The chang’aa effect that makes Nairobi intoxicating

Confession! I have taken chang’aa but for medical reasons. As young kids, we suffered from a bad cough. My mum tried all sorts of medicines.

Desperate, she gave us a teaspoonful of chang’aa each morning for some time.

It seemed to have worked. Incidentally, I still hear of similar recommendations today - take some whiskey if you have a bad cold.

Many years later, I learned that alcohol is one of the key ingredients used in manufacturing drugs and perfumes.

Out of curiosity, I will ask her where she got that chang’aa from. At 81, police should have no interest in her past.

Making alcohol is a universal skill; even the most primitive society knew how to make it.

That could be the reason it’s used in religious ceremonies, up to this day.

Any efforts to stop illegal alcohol brewing in Kenya and beyond have failed and will fail. It’s better to formalise it like waragi in Uganda and konyagi in Tanzania.

Two reasons make it hard to stop illicit alcohol brewing. One, it’s very easy and cheap to make, and by extension very profitable.

It about mixing any biological matter, including elephant droppings in some places, then distilling the alcoholic content.

Some heat fastens the biological process, better fermentation. The chang’aa dens are usually near rivers for cooling purposes.

The biological matter is usually waste from foodstuffs or peelings which make the cost of production almost zero.

Other materials used include maize flour, sugar, molasses, sorghum, and other cheap and easily available materials.

That is why chang’aa is cheap and portent with alcohol content often as high as 60 per cent. There is no cost of quality control.

What chang’aa dealers can’t make from unit cost like the popular high-end brands, they make from volume.

Chang’aa boasts some of the most loyal consumers.

Chang’aa drinkers love their drink because it makes them high faster, and truth be said, most alcoholics love the “kick” and the feeling of being high, which is godlike.

They even start speaking in tongues. Urban highly literate men (not sure about women) talk in their mother tongue when drunk. Rural folks talk in English even when illiterate.

Enough entertainment. Nairobi behaves like Chang’aa brewer; it distils the brightest and the most ambitious brains from the counties, with or without devolution.

Aspiring cities

As we argued last, week, which is what keeps the city ahead of the other counties.

The towns aspiring to be cities seem oblivious of that fact.

The growth of the city is about people and their ideas, not structures.

Incidentally, even towns that boast of universities like Karatina, Chuka, Kakamega, Nyahururu, Voi, and others suffer from brain drain.

Instead of retaining these brains after graduation, they are just interested in the rent they pay.

The graduates from the “county” universities will shift to Nairobi as soon as they graduate.

Nairobi, in addition to having more universities, keeps its brains with a bit of leakage to abroad or majuu.
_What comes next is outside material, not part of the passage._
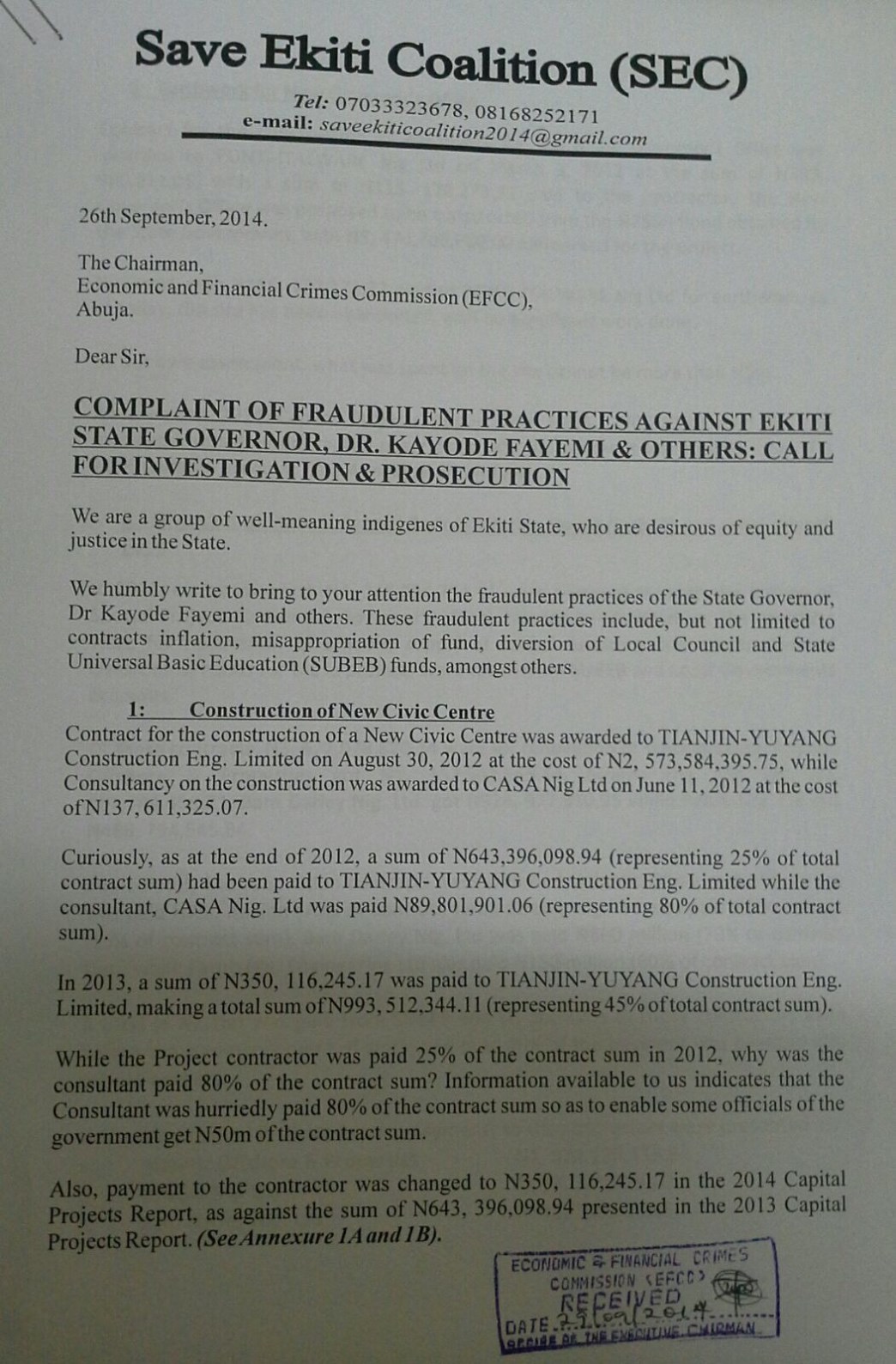 The petition read in part; “Contract for the construction of a New Civic Centre was awarded to TIANJIN-YUYANG Construction Eng. Limited on August 30, 2012 at the cost of N2, 573,584,395.75, while Consultancy on the construction was awarded to CASA Nig Ltd on June 11, 2012 at the cost of N137, 611,325.07.

Will the towns aspiring to be cities distil brains from the rest of the country?

Do they have the attractions that Nairobi offers, including timeliness? If they can’t, they are better off the way they are.

Nairobi lately has even started distilling brains from the neighbouring countries and even from the rest of the world.

Why else are incubators like iHub or Nailab doing so well? We can’t forget Safaricom.

The “changaarial” behaviour of Nairobi is best exposed by turning “useless” people into wealth creators.

This includes school dropouts who like chang’aa’s raw materials are squeezed by Nairobi’s competitive heat and turned into businessmen and entrepreneurs who keep the city humming and give it a tax base.

Am sure most readers know of men and women characterized as failures by our education system but prospered once they found their way to Nairobi.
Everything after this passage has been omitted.